## [Task brief]
Reproduce the full listing below unchanged, apart from the pictures.

## [Information provided]
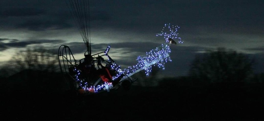 C’est dans le petit village d’Elsenheim en Alsace que Luc Warth, directeur de l’Ecole d’Alsace Paramoteur, se déguise en Père Noël et a modifié son engin pour lui donner des allures de traineau. Cela fait maintenant plusieurs années qu’il vole à la période de Noël dans ces conditions, mais il modifie chaque année son traineau. L’année dernière, on ne comptait qu’un seul renne, cette année il y en a 4 !
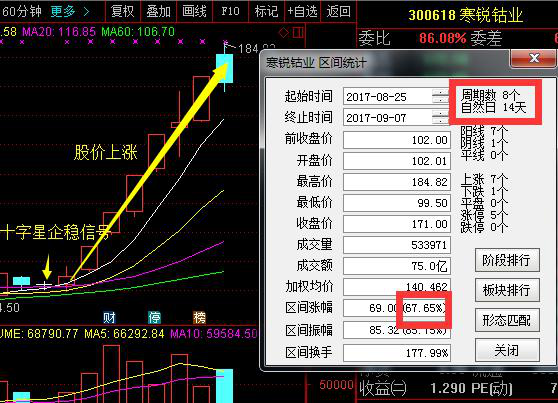 寒銳鈷業(300618),支撐點位出現十字星企穩信號選出,截止目前8個交易日的時間漲幅67.65%。一直是朋友圈的粉絲朋友也是抓到了這2只股票的漲幅收益。試想一下,如果你也一直是我朋友圈的粉絲朋友,并且有幸看到了本人用這種思路選出來講解的這2只股票,及時布局介入,那么這短短8個交易日的時間近68個點的漲幅收益是不是同樣可以收獲?
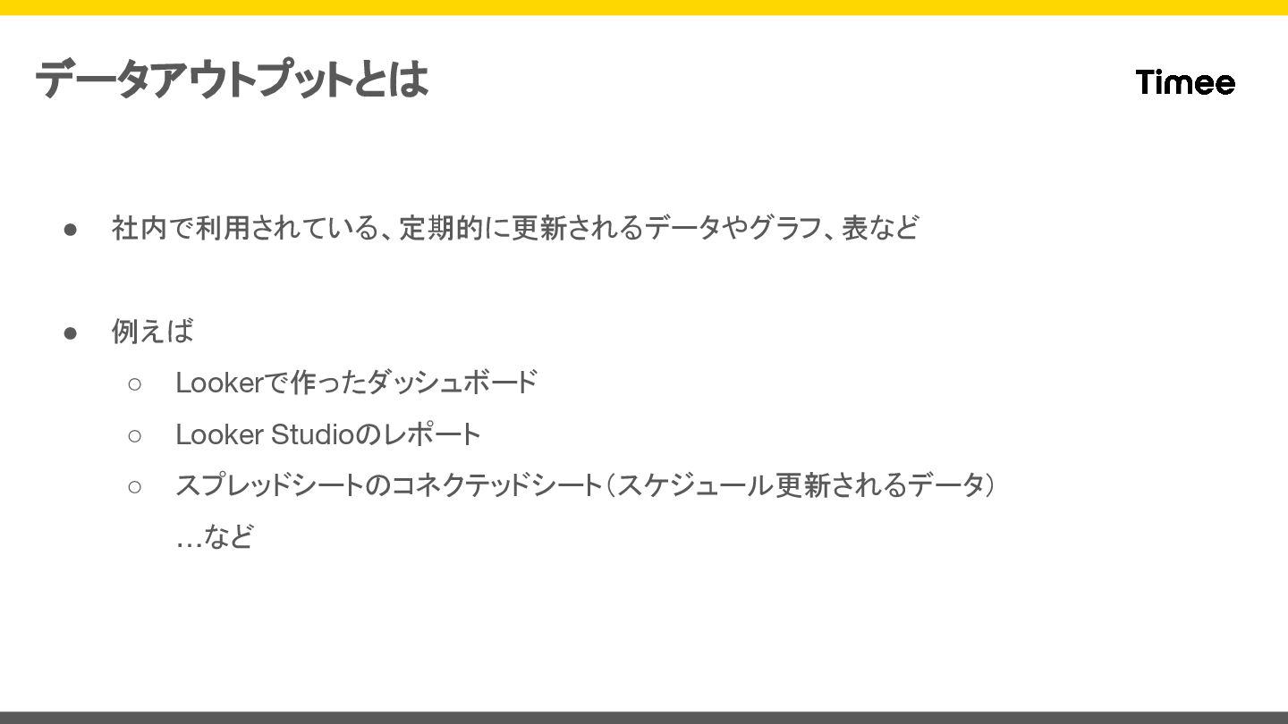 • 社内で利用されている、定期的に更新されるデータやグラフ、表など • 例えば ◦ Lookerで作ったダッシュボード ◦ Looker Studioのレポート ◦

## [The completed task]
 C’est dans le petit village d’Elsenheim en Alsace que Luc Warth, directeur de l’Ecole d’Alsace Paramoteur, se déguise en Père Noël et a modifié son engin pour lui donner des allures de traineau. Cela fait maintenant plusieurs années qu’il vole à la période de Noël dans ces conditions, mais il modifie chaque année son traineau. L’année dernière, on ne comptait qu’un seul renne, cette année il y en a 4 !
 寒銳鈷業(300618),支撐點位出現十字星企穩信號選出,截止目前8個交易日的時間漲幅67.65%。一直是朋友圈的粉絲朋友也是抓到了這2只股票的漲幅收益。試想一下,如果你也一直是我朋友圈的粉絲朋友,并且有幸看到了本人用這種思路選出來講解的這2只股票,及時布局介入,那么這短短8個交易日的時間近68個點的漲幅收益是不是同樣可以收獲?
 • 社内で利用されている、定期的に更新されるデータやグラフ、表など • 例えば ◦ Lookerで作ったダッシュボード ◦ Looker Studioのレポート ◦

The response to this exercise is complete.